For two weeks, we supported both login methods.

  • New users went straight to B2C.
  • Existing users went through the JIT flow.
  • We used a Traffic Manager to slowly ramp up traffic to the B2C endpoints.

Real Results: The “Enterprise” Grade

After the dust settled and the XML scars healed, the results spoke for themselves.

MetricAuth0 EraAzure AD B2C Era
Pricing ModelTiered MAU CliffsFirst 50k MAU Free
CustomizationJS Rules (Limited)IEF XML (Unlimited)
SecurityStandardMicrosoft SOC2 / HIPAA
B2B IntegrationPaid Add-onNative Entra ID Integration

1. Predictable Pricing

We went from a bill that fluctuated wildly to a bill that was largely… zero. The “Premium P1” features cost money, but the core authentication for our customer base fell entirely within the free tier.

2. Single Identity Ecosystem

Our internal staff uses Azure AD (Entra ID) for Office 365. Our customers use Azure AD B2C.
The integration is seamless. We can now easily invite a customer (B2C) to collaborate on a SharePoint document (B2B) because the underlying plumbing is the same Microsoft identity platform.

3. Compliance Confidence

When a new enterprise client asked, “Are you SOC2 compliant?” I didn’t have to explain our custom Auth0 rules. I just pointed to the Microsoft Trust Center. Azure AD B2C inherits the massive compliance framework of Azure. That conversation became 10x shorter.


Is Azure AD B2C Perfect?

No.
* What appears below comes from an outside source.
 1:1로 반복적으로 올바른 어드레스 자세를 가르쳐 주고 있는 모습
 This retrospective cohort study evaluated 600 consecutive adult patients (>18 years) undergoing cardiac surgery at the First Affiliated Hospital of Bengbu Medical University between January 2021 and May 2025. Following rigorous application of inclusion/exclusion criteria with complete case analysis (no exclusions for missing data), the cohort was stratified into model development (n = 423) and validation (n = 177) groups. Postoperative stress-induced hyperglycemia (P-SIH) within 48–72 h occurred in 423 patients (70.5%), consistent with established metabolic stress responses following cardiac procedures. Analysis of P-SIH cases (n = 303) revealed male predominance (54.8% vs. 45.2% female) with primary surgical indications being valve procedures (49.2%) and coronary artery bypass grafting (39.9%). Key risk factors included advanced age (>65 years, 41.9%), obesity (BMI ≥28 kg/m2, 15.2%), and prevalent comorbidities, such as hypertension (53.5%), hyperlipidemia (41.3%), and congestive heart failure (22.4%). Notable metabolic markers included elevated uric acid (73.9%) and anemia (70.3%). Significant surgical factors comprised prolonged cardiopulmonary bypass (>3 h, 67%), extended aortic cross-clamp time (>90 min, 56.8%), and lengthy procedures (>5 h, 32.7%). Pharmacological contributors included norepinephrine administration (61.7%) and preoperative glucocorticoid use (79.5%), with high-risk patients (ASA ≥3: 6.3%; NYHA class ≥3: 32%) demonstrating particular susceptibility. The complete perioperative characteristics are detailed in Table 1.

Let me be brutally honest.

The Learning Curve is Vertical.
Auth0 is a gentle slope. Azure AD B2C Custom Policies is a cliff. You will spend days debugging cryptic XML error messages like “A claim of type ‘userId’ was not found.” You need to understand OpenID Connect protocols deeply.
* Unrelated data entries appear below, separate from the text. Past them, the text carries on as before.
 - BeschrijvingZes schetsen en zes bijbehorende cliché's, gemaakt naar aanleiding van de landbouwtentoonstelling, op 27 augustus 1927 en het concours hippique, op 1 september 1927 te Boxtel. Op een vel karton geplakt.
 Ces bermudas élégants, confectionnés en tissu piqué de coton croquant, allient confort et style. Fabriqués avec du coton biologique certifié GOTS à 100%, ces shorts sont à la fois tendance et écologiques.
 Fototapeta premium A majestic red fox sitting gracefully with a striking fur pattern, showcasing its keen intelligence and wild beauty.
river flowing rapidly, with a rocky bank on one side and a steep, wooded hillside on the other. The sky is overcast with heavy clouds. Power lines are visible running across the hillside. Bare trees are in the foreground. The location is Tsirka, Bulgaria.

The Documentation is “Dense.”
Microsoft’s documentation is comprehensive, but finding the exact example for a specific custom policy scenario can be like finding a needle in a haystack.

The Portal UI.
The Azure portal experience for B2C can feel disjointed compared to the slick Auth0 dashboard.


Final Thoughts

I’m talking to myself here, and to any CTO or Architect staring at an identity provider bill that rivals their cloud compute costs.
Auth0 is fantastic for getting started. It is the best developer experience in the market, hands down.
But Azure AD B2C is the best enterprise experience in the market.
The move wasn’t easy. I traded the simplicity of JavaScript for the complexity of XML. But in return, I got a platform that I own, that scales without bankruptcy, and that allows me to build absolutely any authentication flow my clients can dream up.
The grass isn’t just greener. It’s virtually free for the first 50,000 users. And in the SaaS game, that is an advantage you can’t ignore.